08/03/2015 | Daniel Toledo

Estamos em Cherkazy, na Ucrânia. O ano é 2008, e a estátua de Lênin – imponente vestígio da dominação soviética – acaba de ser retirada de uma das principais praças da cidade. Ao contrário do que se poderia pensar, entretanto, não é a liberdade que ganha espaço no país, mas sim uma nova corrida de diferentes impérios igualmente interessados em dominá-lo, a partir de ações que se estendem desde a política internacional até a vida cotidiana de seus habitantes.
Não por acaso, certamente, foi esse o contexto escolhido pelo diretor ucraniano Andriy Zholdak para recriar, à sua maneira, a trajetória de Woyzeck, personagem que dá título à peça mais conhecida do alemão Georg Büchner. Apresentada pela primeira vez em 2008, mesmo ano da remoção da estátua, a montagem de Zholdak vai ao encontro de uma cidade cuja história é marcada por cruéis experimentos sociais e econômicos do estado soviético – experimentos que em muito se aproximam da dieta de ervilhas à qual Woyzeck é submetido no drama de Büchner e que acaba lhe provocando algumas visões apocalípticas. “Woyzeck vê coisas demais”, escuta-se, em certo ponto do espetáculo.

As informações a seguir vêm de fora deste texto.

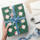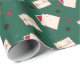 Papel de enrolamento com padrão de Natal de letras de safra e envelopes amarrados com cordas. Padrão uniforme de aquarela branca com carimbos de postagem em um fundo verde escuro. Belo Natal ou Ano Novo para embrulhar e decorar presentes de férias de inverno

Como se tivéssemos sido submetidos à mesma dieta do personagem, também nós, que assistimos à montagem de Zholdak, vemos coisas demais. Dispostos ante uma encenação permanentemente marcada por justaposições e simultaneidades, temos acesso a três casas de vidro e três grandes telas de projeção onde múltiplas imagens se dão a ver. Constitui-se, então, uma paisagem cênica e dramatúrgica bastante perturbadora, em que sobressaem a qualidade performática das interpretações e a criação de sentidos a partir de contrastantes composições entre cenas e imagens digitais.
Por meio de alegorias mais ou menos diretas, vemos, por exemplo, as obscenas relações estabelecidas entre a nação ucraniana e os impérios que a ela ainda hoje se impõem. Em um complexo trânsito entre as escalas da nação e do cidadão, imagens documentais e ações cênicas igualmente chamam atenção às precárias e violentas condições de vida dos habitantes do país – dentre os quais figuram, ali, Woyzeck, sua esposa e seu filho. Mas não é somente a esta família que se refere a peça, alerta o diretor, logo no início da montagem. “São 15 milhões de pobres”, lê-se em uma das telas de projeção, revelando estatística que corresponde a cerca de um terço da corrente população ucraniana.
Com ares de ficção científica (talvez inspirados pelos próprios experimentos aos quais o personagem é submetido), parece interessante ressaltar que o espetáculo se apresenta ao público exclusivamente em tons de preto e branco, chamando atenção a uma realidade dura e fria em que a graça e a beleza estão bem longe do primeiro plano. As únicas cores que temos ali vêm das pálidas peles dos atores e de alguns animais empalhados que ornamentam o cenário.
A animalidade, aliás, é outro elemento que rapidamente se alastra à cena, a partir de personagens que roncam, uivam e coaxam, ostentando, em alguns momentos, chifres e orelhas animalescas. Se a caça é apresentada como um hábito bastante comum na Ucrânia, também as relações humanas parecem ter sido contaminadas: tanto Woyzeck e sua esposa quanto outros personagens apresentados com menor detalhe frequentemente cruzam o palco, traçando diferentes rotas de fuga daqueles que parecem querer capturá-los.
“Eu quero ser livre. Quero viver em um país livre. Quero ter uma vida noturna”, afirma Maria, a esposa de Woyzeck, pouco antes do anúncio do início do segundo ato do espetáculo. Usando capacetes de moto, os dois desdobram os delírios de Woyzeck a outras alturas. Ao silenciar por alguns instantes as permanentes negociações políticas no gabinete do governo e nos espaços da elite, vislumbram uma possível fuga a partir de um encontro romântico em que novos horizontes, ao menos instantaneamente, parecem se abrir. Se as fronteiras territoriais parecem sitiadas e dominadas por outros impérios, a fronteira com o céu lhes parece mais amigável e promissora. “Não fique em silêncio. Fale algo”, pede a mulher. Mas Woyzeck nada pode prometer em meio a uma realidade social na qual tanto o amor quanto a liberdade não passam de utopias tão distantes quanto o céu e as estrelas.
Não tarda, contudo, até que a opressora realidade social novamente se imponha aos personagens, e Maria, tal qual a própria Ucrânia e seus chefes de estado, se deixe envolver por fios vindos de impérios políticos e econômicos que desde o início da peça rondam sua trajetória. Antes de ceder, contudo, ela oferece ao filho um sábio conselho: “Feche bem os olhos”, diz, em possível referência aos riscos de se enxergar demais.